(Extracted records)

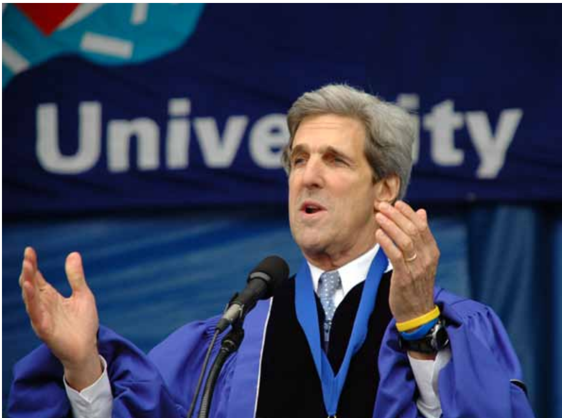
U.S. Senator John Kerry.

"Together, we are part of this country's grand march forward to its grand ideals—to make good on this improbable idea called America," said Kerry, who later reminded graduates, "Each new
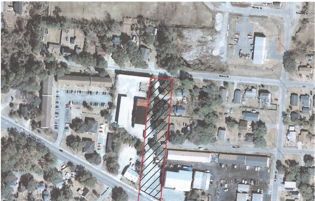
North Carolina Railroad Company Wye Parcel Extension Town of Morehead City, Carteret County

Encroachments: Licensee claims ownership and three adjoining landowners have deeds that overlap with NCRR property line.
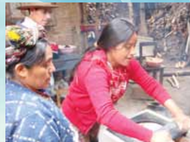
in the world
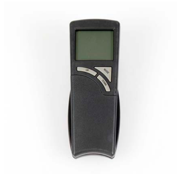
Figure 8: Remote: Repeatedly press the mode button
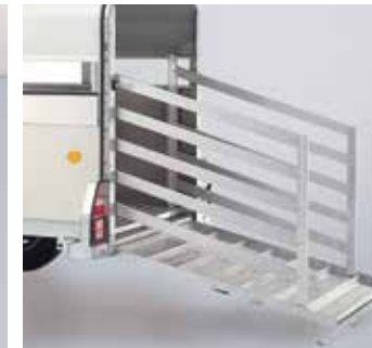
Optional ramp gates available on Q6, 7 and 8
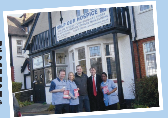
Supporting Havens Hospice along with staff and Southend West MP David Amess
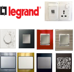
Legrand Arteor, Mallia Senses

S-Classic, Vivace, Zencelo Switches, PIENO, ULTI, NEO C Metro switches and sockets boast a full spectrum of attractive colours, patterns, materials and finishes that will fit in various design concepts, match different decoration context, and actually enhance them. Switches with LED locaters give off a uniquely enticing soft glow that tells you exactly where each switch is located at night. The use of fluorescent white-on-white locaters on switches is unobtrusive by day and shines with a comforting glow in the dark. Occupancy sensors make hands-free control of lights a reality. The 56 Series is suitable for heavy industrial environments with five different protection capabilities – Hose Proof, Dust Proof, Crash Proof, UV Resistance and Chemical Resistance.
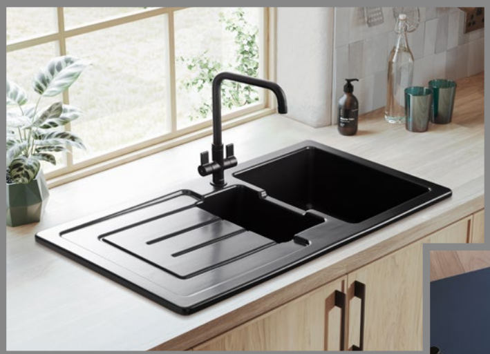
Austell Matt Black pg. 27
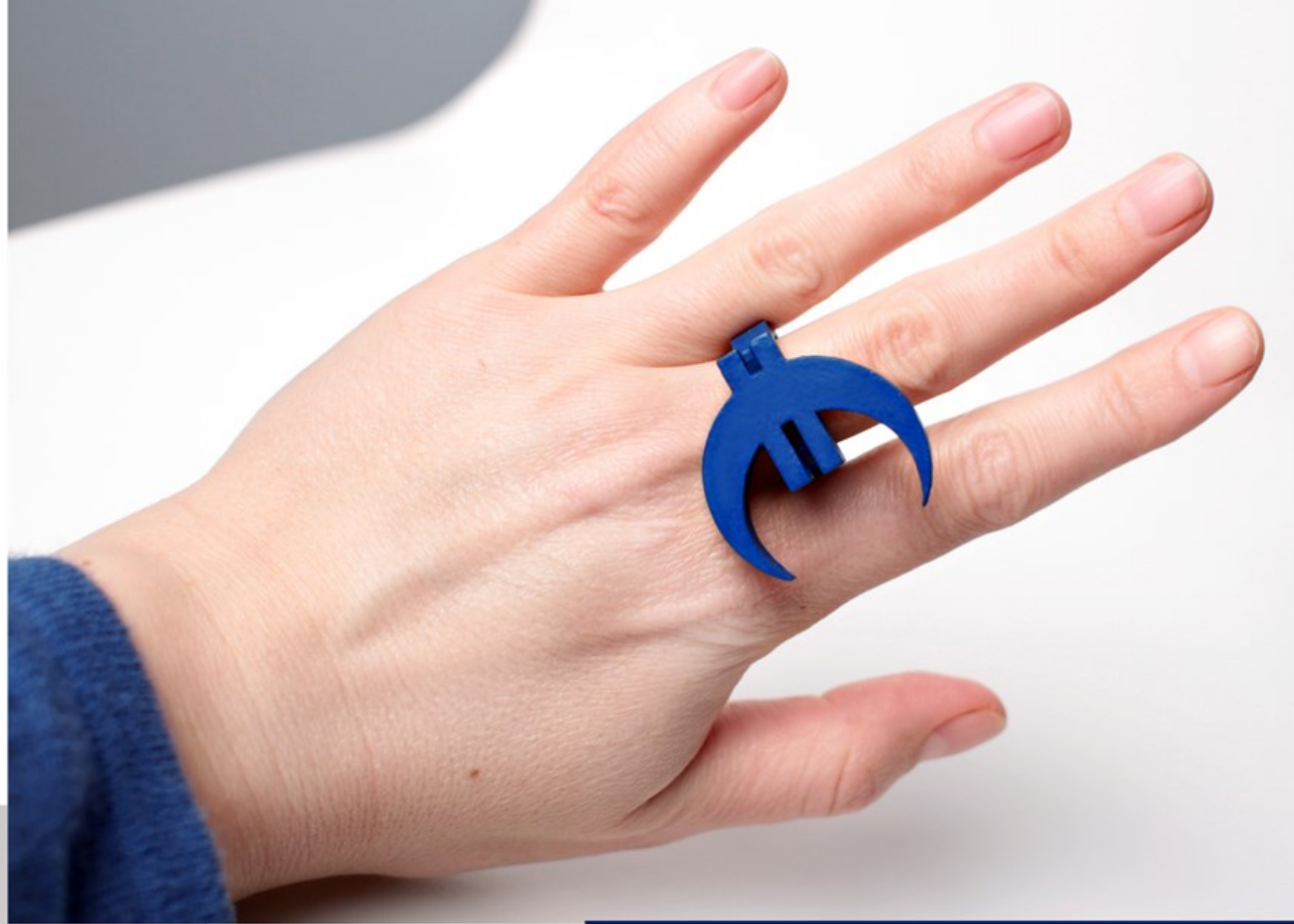
Contemporary European Ring
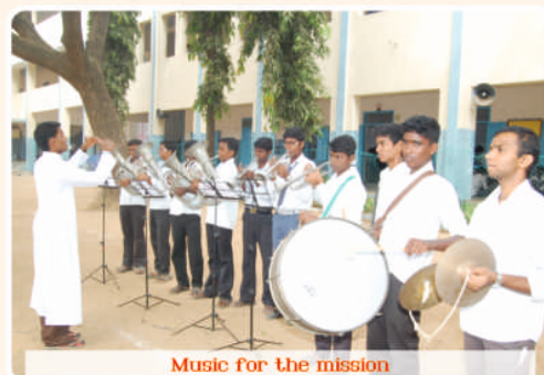
Music for the mission
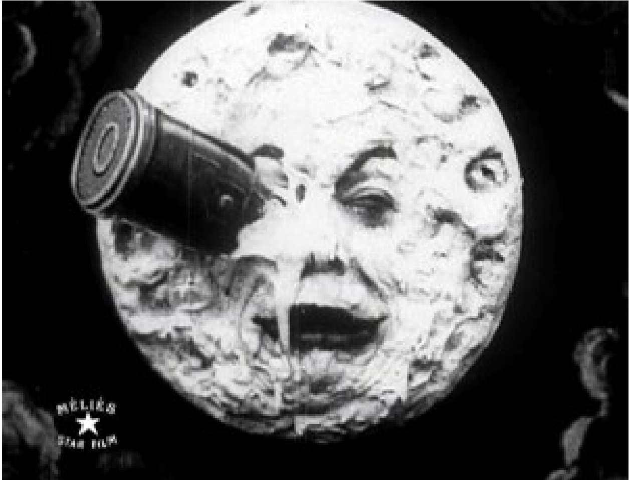
Figure 1: A Trip to the Moon (dir. George Méliès, 1902).

This dissertation is divided into roughly four different sections of unequal length and emphasis. My engagement with the work of David Foster Wallace is the most extensive and most assiduously researched. With his death in 2008, I had the opportunity when I began writing in 2010 to actually read everything. Everything he had published, every critical essay, book, and the important book reviews. Nearly all the interviews. Even the juvenilia and miscellany. Of course I would have preferred that he had kept living and writing, but I had the opportunity to begin from a position of archival totality when I started writing about him, a rare position to be in indeed. So I was perhaps a bit more encyclopedic than necessary. This section has since been
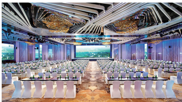
Regala Grand Ballroom
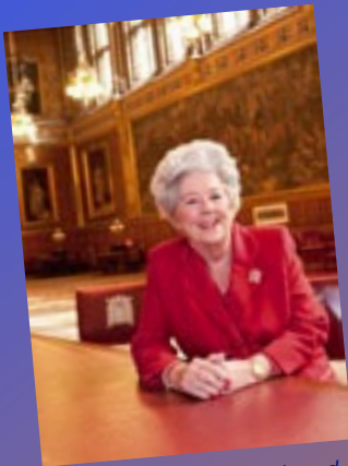
Baroness Betty Boothroyd, First Woman Speaker of the House of Commons April 2010
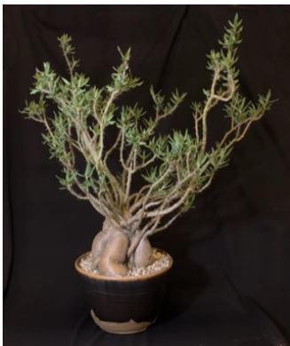
1st Jim Gardner Pachypodium bispinosum x succulentum
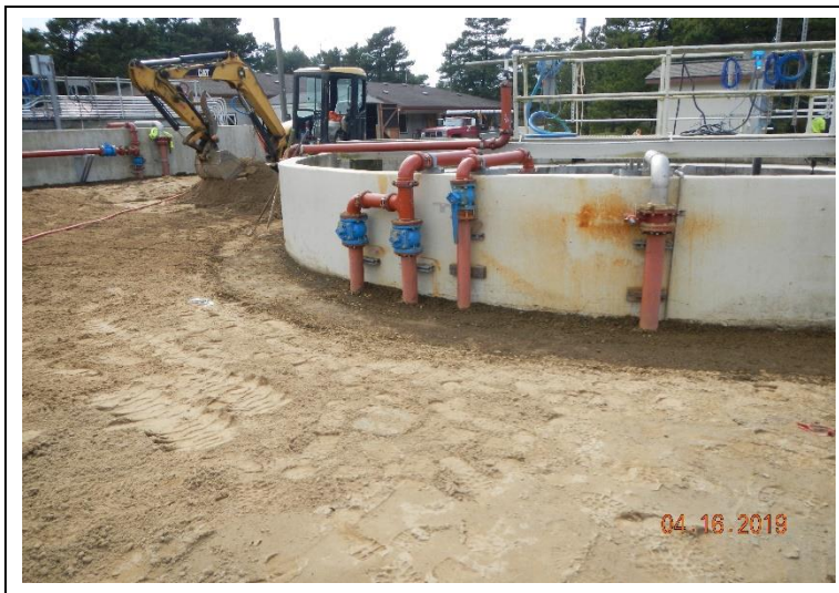
Completed backfilling gravel around digester 1&2 and setting surface grade.
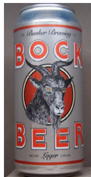
Bunker Brewing Bock Beer Bunker Brewing Co. Portland, ME
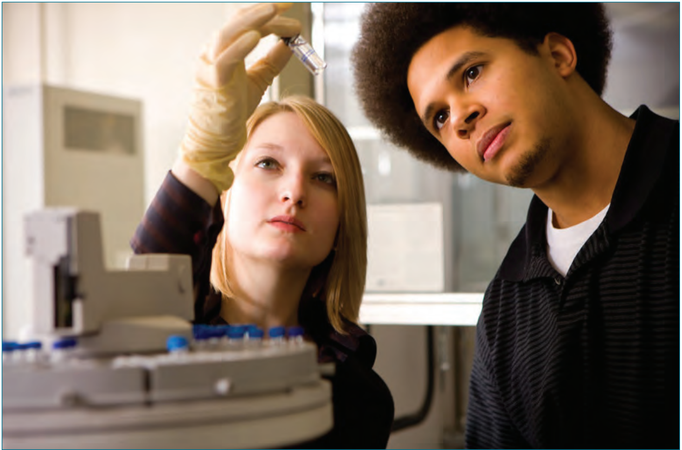
Students perform experiments in the Pharmacology laboratory at University at Buffalo. The “Finish in 4” program guarantees graduation for students who agree to keep their grades up and meet regularly with advisers.

people of the state gave us this land to educate them. We are committed to serving our population in the community and providing support to students.” 37
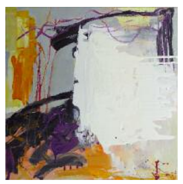
Big Yellow Taxi Oil 50 x 50 cms

My inspiration comes from the landscape around me and although my work is abstract, it always has references to the actual subject matter, even if they are not obvious. How do I make my art, what is my process? I do drawings and colour studies "Plein Aire" and take lots of photos which I then use back in the studio to paint, collage and sometimes print with. My paint is applied by building up layer on layer and painting wet into wet to give a rich and varied surface".

• PROMPT:
Within these entries, output exactly the lines starting at the one with "S-Classic, Vivace, Zencelo" and finishing at the one with "Figure 1: A". Leave pictures out of the output.

• ANSWER SECTION:
S-Classic, Vivace, Zencelo Switches, PIENO, ULTI, NEO C Metro switches and sockets boast a full spectrum of attractive colours, patterns, materials and finishes that will fit in various design concepts, match different decoration context, and actually enhance them. Switches with LED locaters give off a uniquely enticing soft glow that tells you exactly where each switch is located at night. The use of fluorescent white-on-white locaters on switches is unobtrusive by day and shines with a comforting glow in the dark. Occupancy sensors make hands-free control of lights a reality. The 56 Series is suitable for heavy industrial environments with five different protection capabilities – Hose Proof, Dust Proof, Crash Proof, UV Resistance and Chemical Resistance.
Austell Matt Black pg. 27
Contemporary European Ring
Music for the mission
Figure 1: A Trip to the Moon (dir. George Méliès, 1902).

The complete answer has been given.